Start of Block

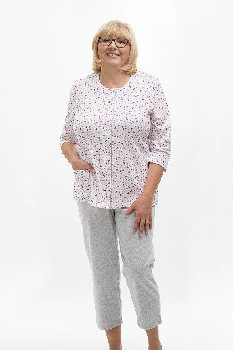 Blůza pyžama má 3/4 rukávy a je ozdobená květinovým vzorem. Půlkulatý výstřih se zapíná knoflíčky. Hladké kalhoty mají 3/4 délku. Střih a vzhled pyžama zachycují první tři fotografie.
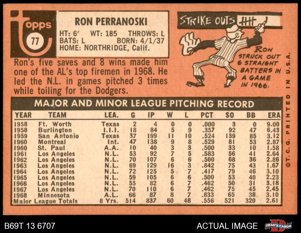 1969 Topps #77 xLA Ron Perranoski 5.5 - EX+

End of Block
Start of Block

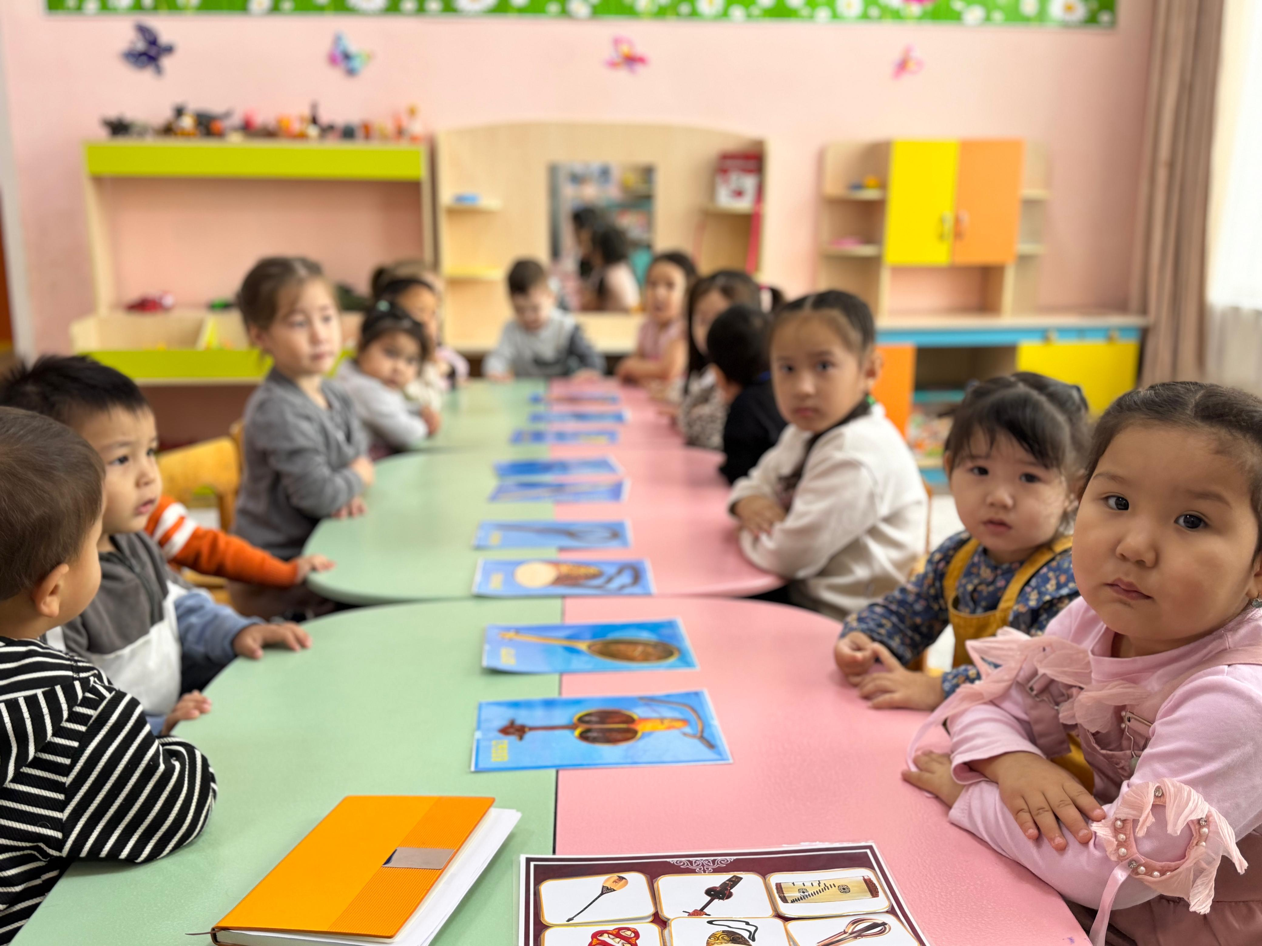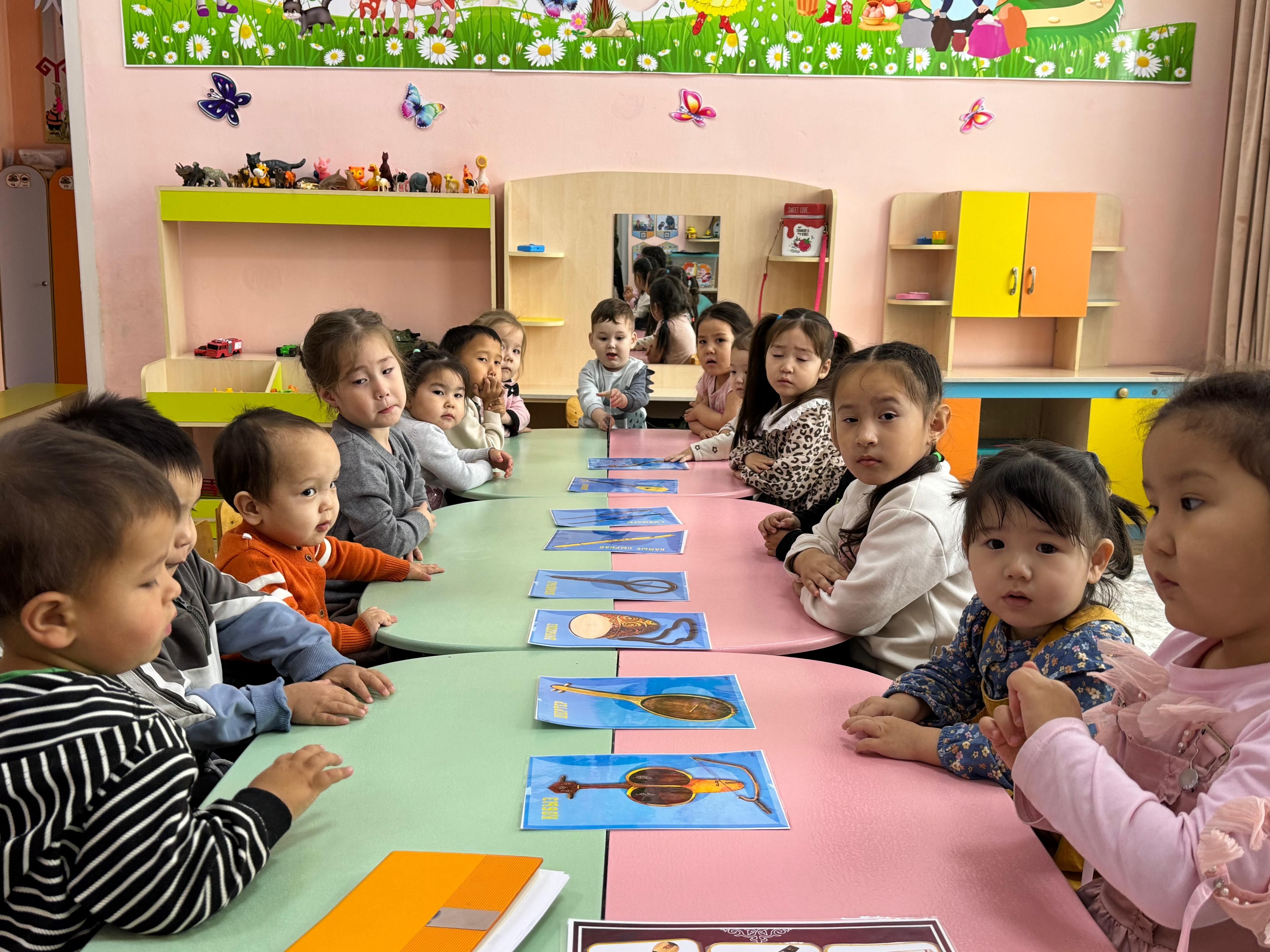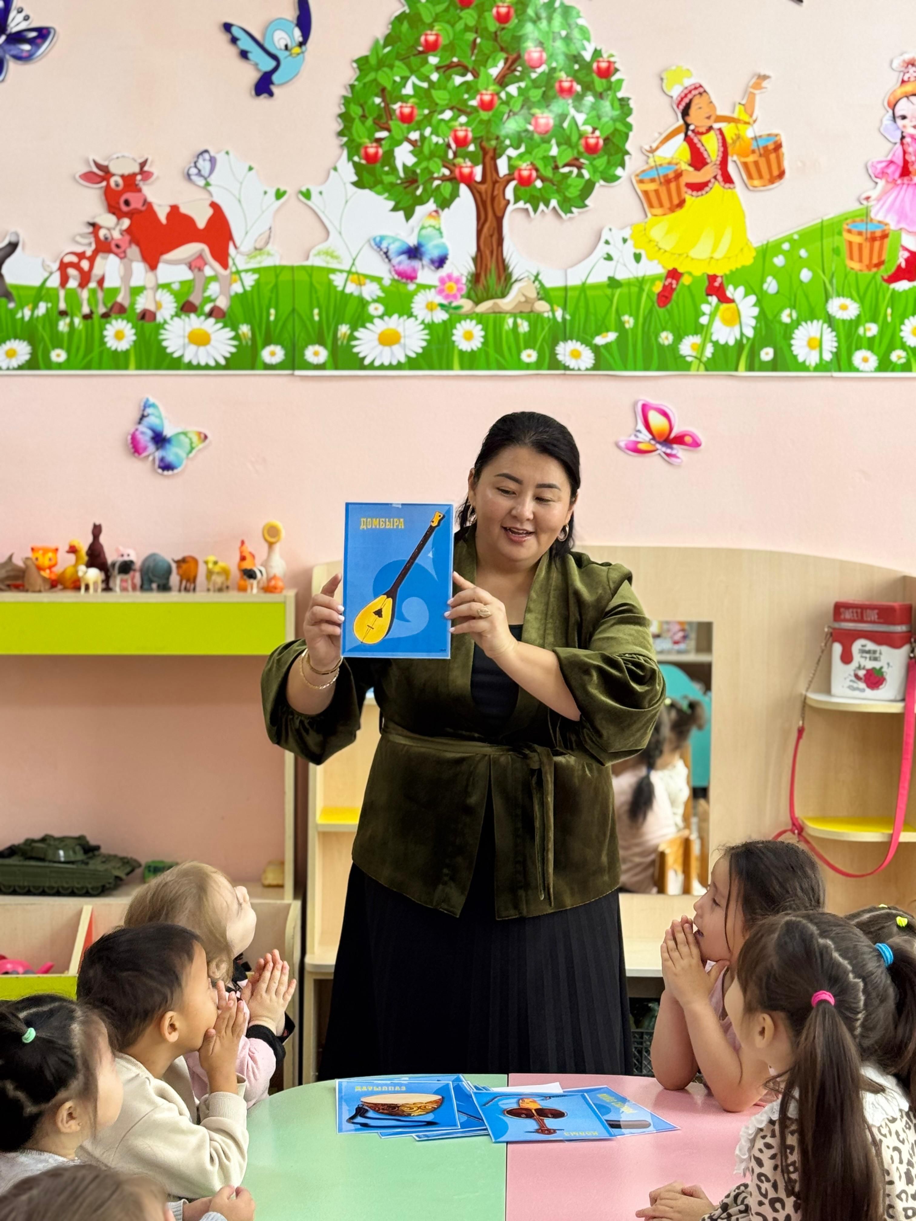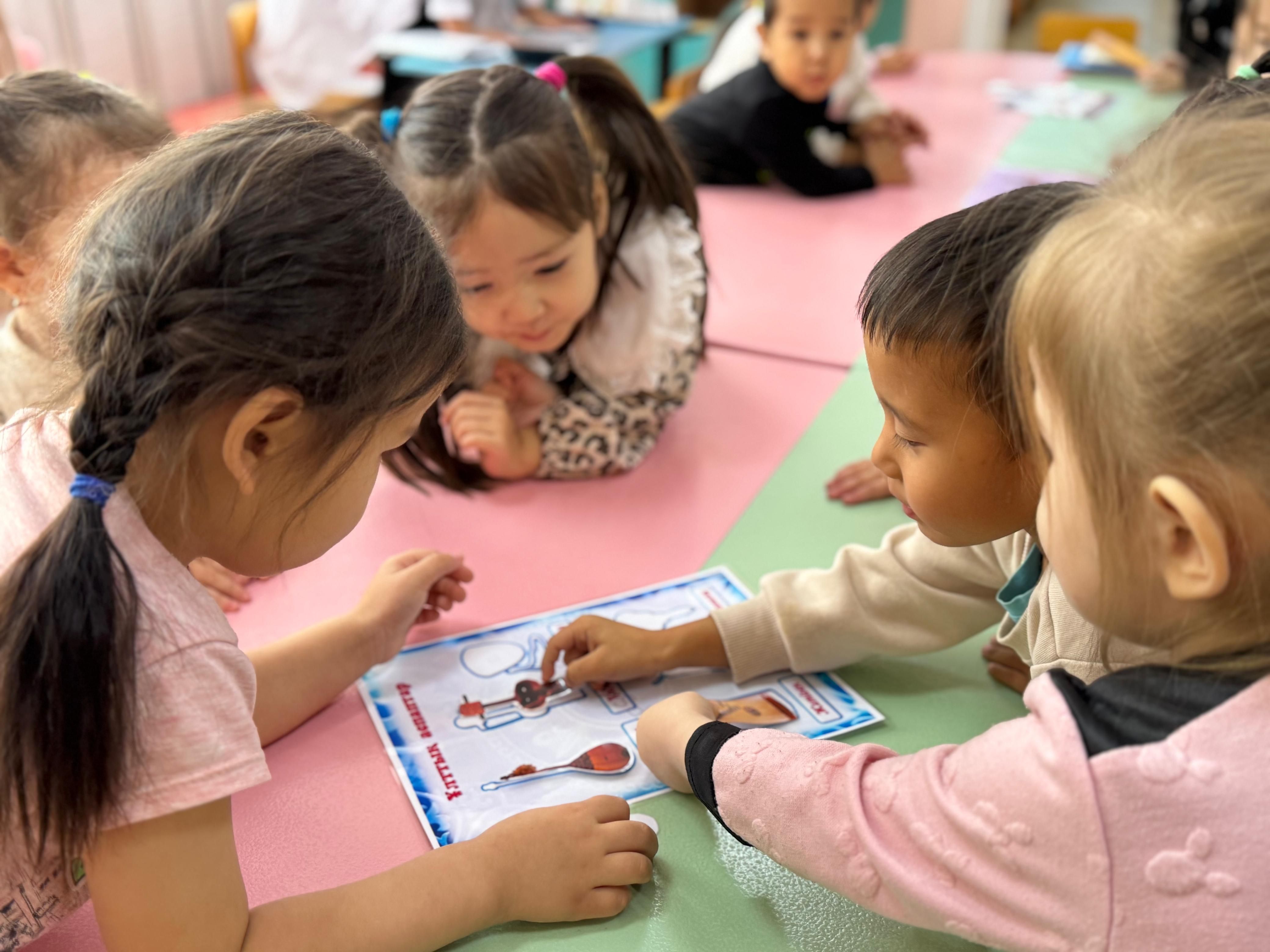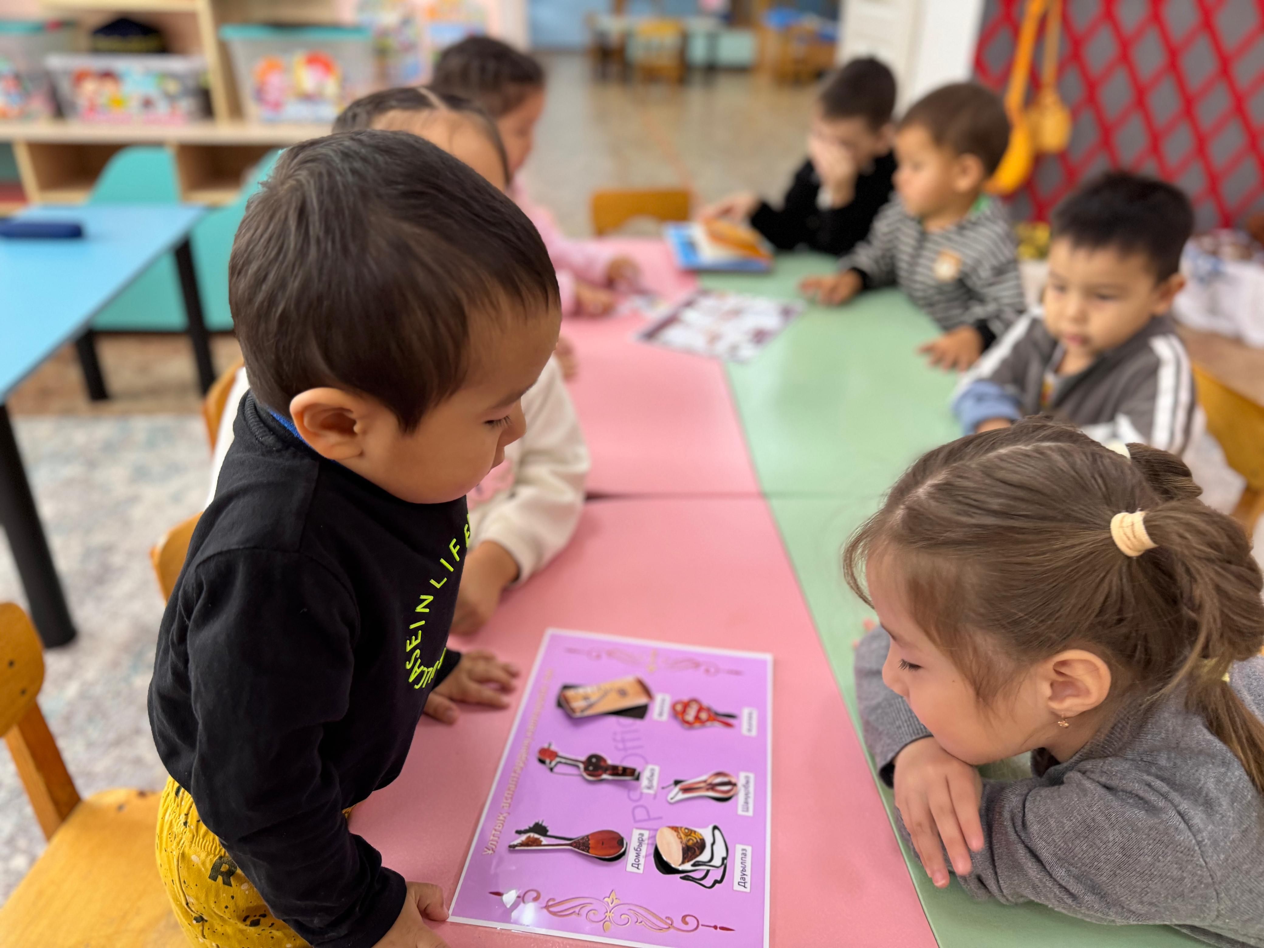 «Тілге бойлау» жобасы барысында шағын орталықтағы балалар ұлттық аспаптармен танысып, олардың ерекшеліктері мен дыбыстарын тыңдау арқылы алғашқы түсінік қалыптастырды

End of Block

With pictures excluded, reproduce exactly the lines above from the one containing "Blůza pyžama má" down to the one containing "1969 Topps #77 xLA Ron Perranoski 5.5 - EX+", those two included.

 Blůza pyžama má 3/4 rukávy a je ozdobená květinovým vzorem. Půlkulatý výstřih se zapíná knoflíčky. Hladké kalhoty mají 3/4 délku. Střih a vzhled pyžama zachycují první tři fotografie.
 1969 Topps #77 xLA Ron Perranoski 5.5 - EX+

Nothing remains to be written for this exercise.